Search code examples
operating-systemsynchronizationlockingmutual-exclusion

Bounded-waiting Mutual Exclusion with test and set


I am reading the famous Operating System Concepts book of (Avi Silberschatz, Peter Baer Galvin, Greg Gagne) edition 9: http://codex.cs.yale.edu/avi/os-book/OS9/

In the process synchronization chapter, there is an algorithm for "Bounded-waiting Mutual Exclusion with test_and_set" as follow:

do {
    waiting[i] = true;
    key = true;  // <-- Boolean variable that I do not see its utility
    while (waiting[i] && key) // <-- the value of the key variable here is always true
        key = test_and_set(&lock); // <-- it might become false here, but what is the point?
    waiting[i] = false;

    /* critical section */

    j = (i + 1) % n;
    while ((j != i) && !waiting[j]) 
        j = (j + 1) % n; 
    if (j == i) 
        lock = false; 
    else
        waiting[j] = false;

    /* remainder section */
} while (true); 

I can't see the role of the boolean variable key (used in the 3rd, 4th and 5th lines of the code above), I see that we can remove it without any particular effect on the algorithm, am I right or I have missed something?


Solution

  • You could simplify the algorithm to:

    do {
        waiting[i] = true;
        while (waiting[i] && test_and_set(&lock)) ;
        waiting[i] = false;
    
        /* critical section */
    
        j = (i + 1) % n;
        while ((j != i) && !waiting[j]) 
            j = (j + 1) % n; 
        if (j == i) 
            lock = false; 
        else
            waiting[j] = false;
    
        /* remainder section */
    } while (true);
    

    and it would be the exact same. I guess the authors used key because they thought it would make the code easier to read.

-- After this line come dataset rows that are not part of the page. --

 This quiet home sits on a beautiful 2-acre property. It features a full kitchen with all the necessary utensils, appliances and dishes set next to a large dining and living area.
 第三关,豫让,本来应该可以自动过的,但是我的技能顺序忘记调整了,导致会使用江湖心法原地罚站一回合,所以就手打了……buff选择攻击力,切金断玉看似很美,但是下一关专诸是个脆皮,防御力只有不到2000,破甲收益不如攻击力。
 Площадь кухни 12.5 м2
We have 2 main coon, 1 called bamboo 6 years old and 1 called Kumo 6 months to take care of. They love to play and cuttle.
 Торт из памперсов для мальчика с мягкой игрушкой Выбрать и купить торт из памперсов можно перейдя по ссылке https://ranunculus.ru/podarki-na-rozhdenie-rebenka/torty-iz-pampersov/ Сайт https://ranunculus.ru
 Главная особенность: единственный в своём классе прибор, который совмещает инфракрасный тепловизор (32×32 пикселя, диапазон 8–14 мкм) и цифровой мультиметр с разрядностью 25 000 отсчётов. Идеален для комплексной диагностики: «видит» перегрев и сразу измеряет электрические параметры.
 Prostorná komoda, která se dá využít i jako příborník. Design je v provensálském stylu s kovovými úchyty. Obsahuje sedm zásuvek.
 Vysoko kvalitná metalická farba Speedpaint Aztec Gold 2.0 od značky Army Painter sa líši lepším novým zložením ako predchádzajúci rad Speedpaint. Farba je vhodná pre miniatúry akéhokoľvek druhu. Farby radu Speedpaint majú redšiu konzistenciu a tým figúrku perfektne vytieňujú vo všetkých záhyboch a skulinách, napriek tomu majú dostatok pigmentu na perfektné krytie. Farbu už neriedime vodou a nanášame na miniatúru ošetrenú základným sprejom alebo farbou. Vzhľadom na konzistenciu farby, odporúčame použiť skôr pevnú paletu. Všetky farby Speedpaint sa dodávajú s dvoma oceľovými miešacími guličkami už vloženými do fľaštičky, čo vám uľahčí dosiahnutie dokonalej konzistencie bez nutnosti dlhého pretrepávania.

    As asked in the comments:

    Generally, when using test_and_set you simply do while(test_and_set(&lock)) ;. However in this case you want to ensure that the thread only waits a bounded amount of time for the lock. This is accomplished with the waiting array. At the end of the critical section when we unlock, we do not simply set lock to false which is how you typically unlock it. Instead we try to find the next thread that is waiting for the lock. By next, I mean incrementing the thread ID and then looping around when we hit n (the j = (j + 1) % n; part). If such a thread j is found we set waiting[j] to false instead of lock.

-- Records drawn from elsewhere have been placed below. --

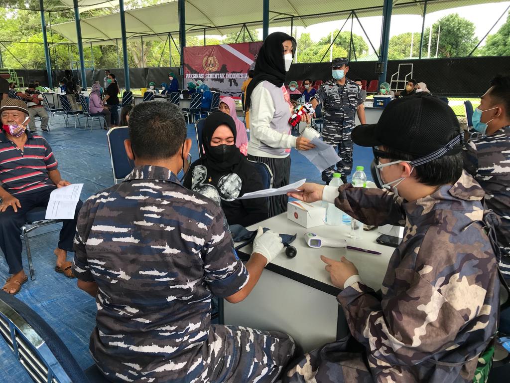 JAKARTA – Jajaran Pangkalan Utama TNI AL III Jakarta yaitu Lanal Cirebon terus tambah vaksin covid-19 kepada 269 kepada masyarakat umum dalam rangka mensukseskan program Vaksinasi Nasional di wilayah Kota Cirebonyang dilaksanakan Lap. Tenis, Asset 3 Pertamina Klayan, Cirebon, Sabtu(27/11/2021).
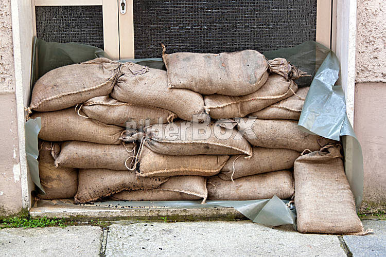 Beschreibung Hochwasser in Passau. Bayern. Deutschland. Sandsäcke schützen gegen das Wasser
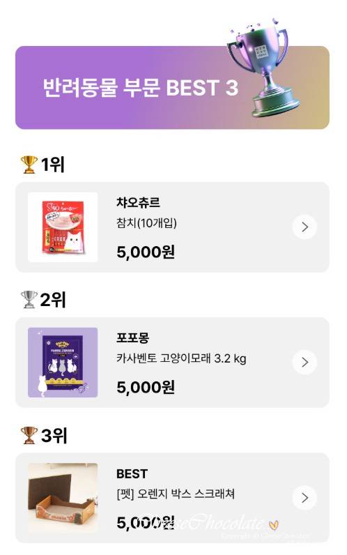 반려동물 1위는 츄르! 그 뒤는 모래와 박스네요.
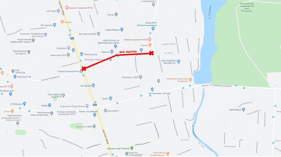 У Чернігові перекриють рух на вулиці Льотній та залізничний переїзд «Айстра»
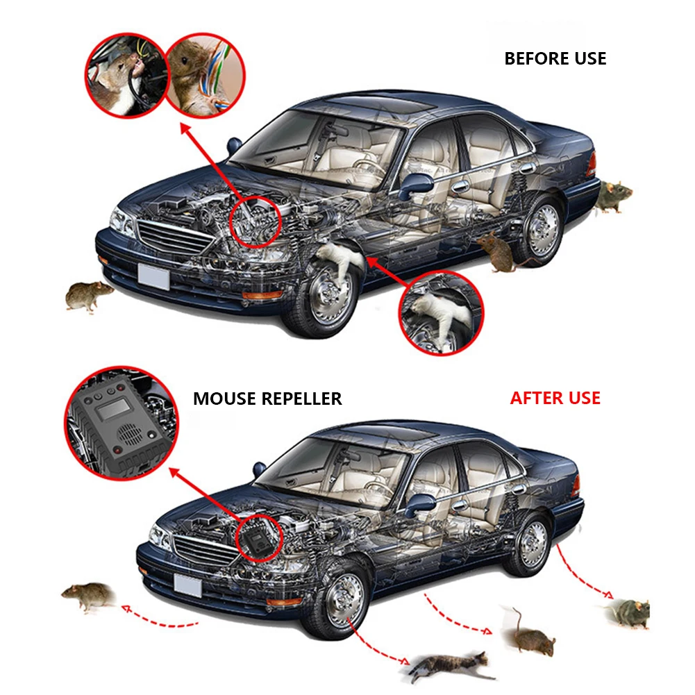 Ultrasonic Under Hood Animal Repeller 8 LED Strobe Lights Repellent Devices 12V/5V Powered Mouse Rat Repeller Ultrasound Alarm Intelligent Start-Stop Get Rid of Mice in Car Engine

    This prevents scenarios where 2 or more threads are constantly grabbing the lock while another thread or group of threads are always waiting. For example, say 3 threads are waiting for the same lock (threads 0, 1 and 2). Say thread 0 releases the lock and then thread 1 grabs it. While thread 1 has the lock thread 0 then tries to grab the lock again and when thread 1 releases the lock thread 0 grabs it instead of thread 2. This could repeat indefinitely and thread 2 never gets the lock.

    In this bounding wait algorithm by using the waiting array this behavior cannot occur. If three threads are constantly grabbing the lock the next thread in terms of thread ID will go next, e.g. thread 0 will grab and release the lock followed by thread 1 and then followed by thread 2. This is because each thread is waiting for either lock or its entry in the waiting array to become false. If another thread is waiting for the lock when a thread is about to release the lock it sets the waiting entry instead of lock releasing only that thread from the spin wait. This prevents the pathological case of one or more threads waiting indefinitely for the lock.